Exercise brief: Images are not part of the copy; write out the rest of the data exactly as given.

Source material:
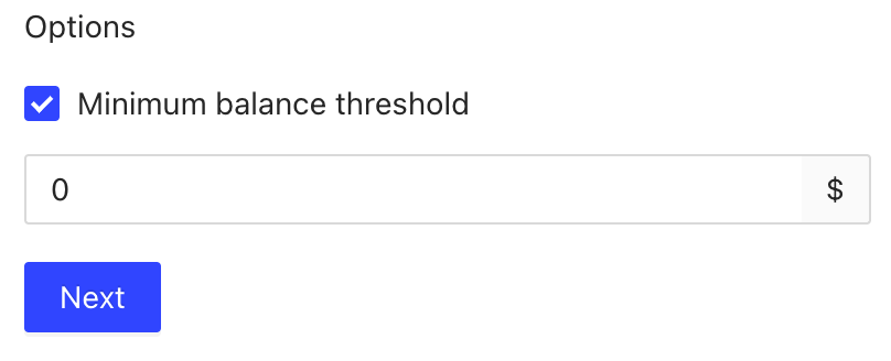 If you like to set a “Minimum, Balance Threshold” click on the small box and set an amount. Once you are done click on “next” to go to step 2
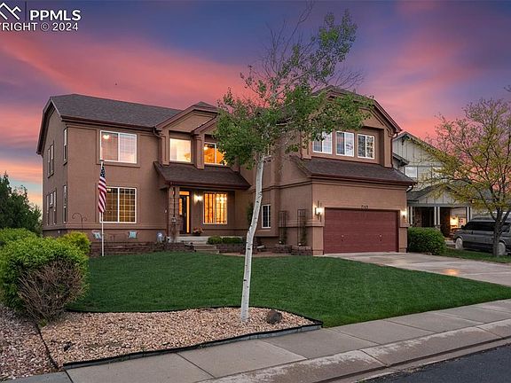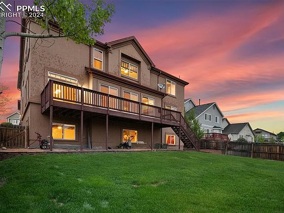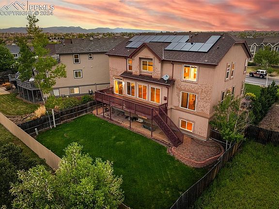 Welcome to your dream home in the popular Stetson Hills neighborhood! This vast 2-story residence, nestled on a peaceful cul-de-sac, boasts a stucco exterior and meticulously manicured landscaping, offering irresistible curb appeal. With a spacious flat driveway, this home presents 6 bedrooms and 4 bathrooms across nearly 3800 sq ft of above grade finished living space. The upper level is a rare find, featuring 5 bedrooms and 3 full baths - plus a bonus upper level gathering room - perfect for growing families or accommodating guests. Revel in the traditional layout, adorned with exquisite wood flooring throughout the main level. The updated kitchen is a culinary haven, complete with built-in dining on an extended island. Plus, a main level bedroom with nearby full bath offers flexibility for a home office or guest quarters. Entertain with ease in the front living room and formal dining space, or unwind in the cozy family room featuring built-ins and a gas fireplace. Step outside to the expansive rear deck, ideal for alfresco dining or relaxing in the sunshine. Benefit from significant savings with installed and paid off Solar Panels by Photon Brothers, resulting in an astonishingly low monthly electric bill! The full unfinished basement provides ample storage, workout space or awaits your personal touch for additional living space. This home has been lovingly cared for and is outfitted with numerous upgrades, including smart technology features, new garage door opener, sprinkler controller, and front door with custom windows. Enjoy added conveniences like remote control blinds, ceiling fans in all bedrooms and living room, and remodeled bathrooms with quartz countertops, tile flooring, water saving raised toilets and more. Situated near the Powers corridor, you'll have easy access to shopping, dining, parks, trails, and schools. Commuting is a breeze with proximity to Peterson or Schriever AFB. Don't miss the opportunity to make this exceptional property your own!
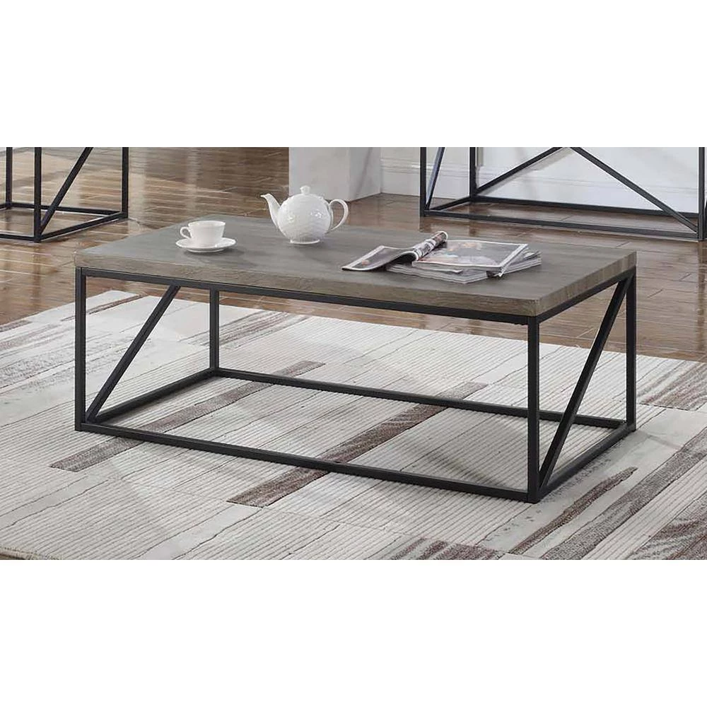 Celebrate contemporary design with the straight lines and angles from this modern coffee table. In a charming Sonoma grey finish, this table is complete with geometric shapes in the base. Marry rustic charm with modern industrialism in the combination of sleek metal and warm wood. The open frame is complete with deep hues that add structure and an airy feel to spaces. Complement a variety of motifs with the neutral tones from the legs and top.
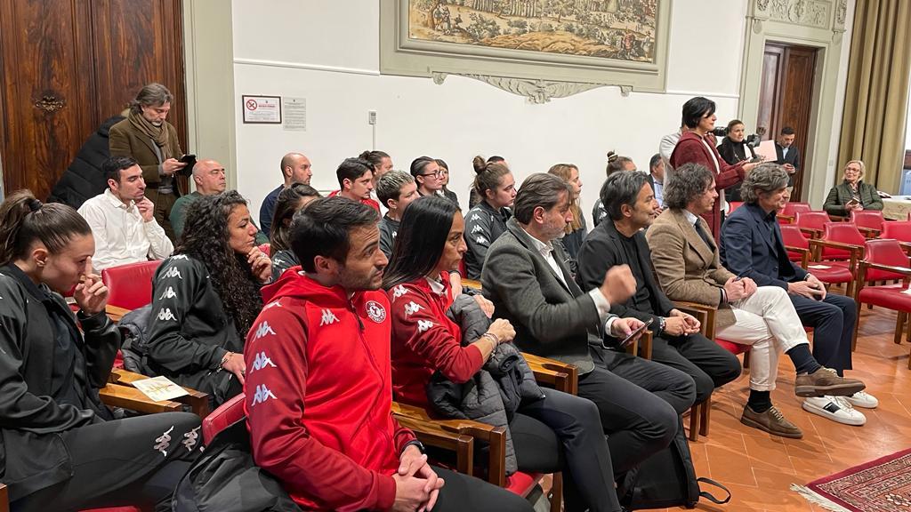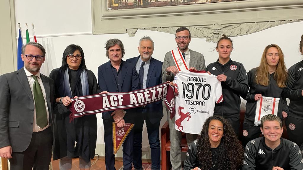 Firenze – Il Consiglio regionale della Toscana ha voluto premiare la squadra ‘imbattibile’ dell’Arezzo Calcio Femminile, che nella stagione 2021-2022 ha vinto il campionato di serie C senza mai perdere una partita, con una targa “per l’impegno profuso nella massima condivisione e crescita dell’intero movimento calcio femminile italiano”. A consegnare il riconoscimento durante la cerimonia, nella sala Gonfalone di palazzo del Pegaso, il presidente dell’Assemblea legislativa. Antonio Mazzeo ha sottolineato il valore sportivo e sociale delle ragazze in maglia amaranto: “Il vostro è un messaggio positivo, questo è un premio all’impegno, alla passione, alle competenze, a chi ci ha creduto e a chi continua a farlo. I risultati della squadra sono stati incredibili. È bello che sia stato realizzato anche un docufilm, un messaggio di speranza che invita a credere nei propri sogni e con l’allenamento, con l’impegno e la passione questi sogni si possono realizzare”.
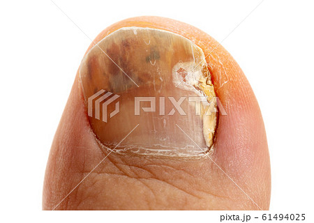 白背景の男の親指の爪の水虫
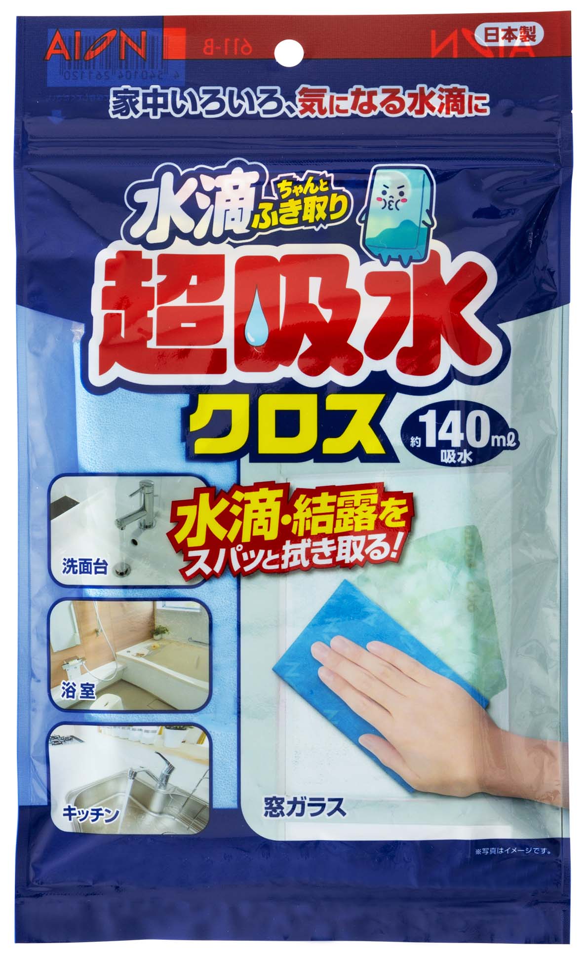 1つ目はこのコラムでも紹介した当社の看板商品「水滴ちゃんと拭き取り 超吸水スポンジクロス」です。

Completed task:
 If you like to set a “Minimum, Balance Threshold” click on the small box and set an amount. Once you are done click on “next” to go to step 2
 Welcome to your dream home in the popular Stetson Hills neighborhood! This vast 2-story residence, nestled on a peaceful cul-de-sac, boasts a stucco exterior and meticulously manicured landscaping, offering irresistible curb appeal. With a spacious flat driveway, this home presents 6 bedrooms and 4 bathrooms across nearly 3800 sq ft of above grade finished living space. The upper level is a rare find, featuring 5 bedrooms and 3 full baths - plus a bonus upper level gathering room - perfect for growing families or accommodating guests. Revel in the traditional layout, adorned with exquisite wood flooring throughout the main level. The updated kitchen is a culinary haven, complete with built-in dining on an extended island. Plus, a main level bedroom with nearby full bath offers flexibility for a home office or guest quarters. Entertain with ease in the front living room and formal dining space, or unwind in the cozy family room featuring built-ins and a gas fireplace. Step outside to the expansive rear deck, ideal for alfresco dining or relaxing in the sunshine. Benefit from significant savings with installed and paid off Solar Panels by Photon Brothers, resulting in an astonishingly low monthly electric bill! The full unfinished basement provides ample storage, workout space or awaits your personal touch for additional living space. This home has been lovingly cared for and is outfitted with numerous upgrades, including smart technology features, new garage door opener, sprinkler controller, and front door with custom windows. Enjoy added conveniences like remote control blinds, ceiling fans in all bedrooms and living room, and remodeled bathrooms with quartz countertops, tile flooring, water saving raised toilets and more. Situated near the Powers corridor, you'll have easy access to shopping, dining, parks, trails, and schools. Commuting is a breeze with proximity to Peterson or Schriever AFB. Don't miss the opportunity to make this exceptional property your own!
 Celebrate contemporary design with the straight lines and angles from this modern coffee table. In a charming Sonoma grey finish, this table is complete with geometric shapes in the base. Marry rustic charm with modern industrialism in the combination of sleek metal and warm wood. The open frame is complete with deep hues that add structure and an airy feel to spaces. Complement a variety of motifs with the neutral tones from the legs and top.
 Firenze – Il Consiglio regionale della Toscana ha voluto premiare la squadra ‘imbattibile’ dell’Arezzo Calcio Femminile, che nella stagione 2021-2022 ha vinto il campionato di serie C senza mai perdere una partita, con una targa “per l’impegno profuso nella massima condivisione e crescita dell’intero movimento calcio femminile italiano”. A consegnare il riconoscimento durante la cerimonia, nella sala Gonfalone di palazzo del Pegaso, il presidente dell’Assemblea legislativa. Antonio Mazzeo ha sottolineato il valore sportivo e sociale delle ragazze in maglia amaranto: “Il vostro è un messaggio positivo, questo è un premio all’impegno, alla passione, alle competenze, a chi ci ha creduto e a chi continua a farlo. I risultati della squadra sono stati incredibili. È bello che sia stato realizzato anche un docufilm, un messaggio di speranza che invita a credere nei propri sogni e con l’allenamento, con l’impegno e la passione questi sogni si possono realizzare”.
 白背景の男の親指の爪の水虫
 1つ目はこのコラムでも紹介した当社の看板商品「水滴ちゃんと拭き取り 超吸水スポンジクロス」です。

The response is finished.